All sysctl changes are temporary by default. To persist across reboot, write them to /etc/sysctl.d/99-melisai.conf and run sysctl -p /etc/sysctl.d/99-melisai.conf.
CPU Scheduler
| Parameter | Default | Recommended | When to Change | melisai Metric |
|---|---|---|---|---|
kernel.sched_latency_ns |
24000000 (24ms) | 6000000 (6ms) | Interactive/latency-sensitive workloads; when runqlat_p99 is high |
runqlat_p99 |
kernel.sched_min_granularity_ns |
3000000 (3ms) | 750000 (0.75ms) | Same as above; smaller granularity = fairer scheduling on busy CPUs | runqlat_p99 |
kernel.sched_numa_balancing |
0 | 1 | Multi-NUMA systems where processes migrate across nodes; reduces remote memory access | cpu_utilization, load imbalance across NUMA nodes |
Notes:
- sched_latency_ns controls how long the scheduler waits before preempting a task. Lower values improve responsiveness but increase context-switch overhead.

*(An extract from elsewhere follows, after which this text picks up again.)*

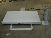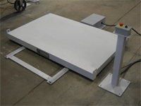 Power shuttle table for moving melting furnaces in and out of operating position.

- sched_min_granularity_ns sets the minimum time slice. Setting it too low on throughput workloads wastes CPU on scheduling.
- sched_numa_balancing enables automatic page migration to the NUMA node where the accessing thread runs. Leave at 0 on single-socket machines.
Memory Management
| Parameter | Default | Recommended | When to Change | melisai Metric |
|---|---|---|---|---|
vm.swappiness |
60 | 10 (databases), 30 (general prod) | When swap is being used and latency matters; databases should almost never swap | swap_usage |
vm.dirty_ratio |
20 | 10 | When write stalls are observed; high dirty ratio means large writeback bursts | memory_utilization, dirty page analysis |
vm.dirty_background_ratio |
10 | 5 | Ensures background writeback starts sooner, preventing dirty page accumulation | memory_utilization |
vm.overcommit_memory |
0 (heuristic) | 2 (strict) | Production databases (PostgreSQL, Redis) where OOM kills are unacceptable | memory_utilization |
vm.min_free_kbytes |
varies (~67MB) | 131072 (128MB) | Systems with >16GB RAM; prevents direct reclaim stalls under burst allocation | memory_utilization |
vm.watermark_scale_factor |
10 | 200 | When direct reclaim events are detected; widens the gap between free page watermarks | memory_psi_pressure |
vm.dirty_expire_centisecs |
3000 (30s) | 1500 (15s) | Reduce how long dirty pages linger before being eligible for writeback | memory_utilization |
vm.dirty_writeback_centisecs |
500 (5s) | 300 (3s) | How often the flusher thread wakes up; shorter = smoother I/O, slightly more overhead | memory_utilization |
vm.zone_reclaim_mode |
0 | 0 (default) or 1 (NUMA-local) | Set to 1 only if your workload strictly requires NUMA-local allocation and can tolerate reclaim stalls; 0 is correct for most workloads | memory_psi_pressure |
Transparent Huge Pages (THP)
| Setting | Default | Recommended | When to Change | melisai Metric |
|---|---|---|---|---|
/sys/kernel/mm/transparent_hugepage/enabled |
always |
madvise |
Latency-sensitive workloads (databases, JVMs); always causes compaction stalls |
memory_utilization, THP status in report |
/sys/kernel/mm/transparent_hugepage/defrag |
always |
defer+madvise |
Same as above; always triggers synchronous compaction on page faults |
memory_psi_pressure |
Notes:
- overcommit_memory=2 requires overcommit_ratio to be set (typically 80-95%). Total commit limit = swap + RAM * ratio / 100.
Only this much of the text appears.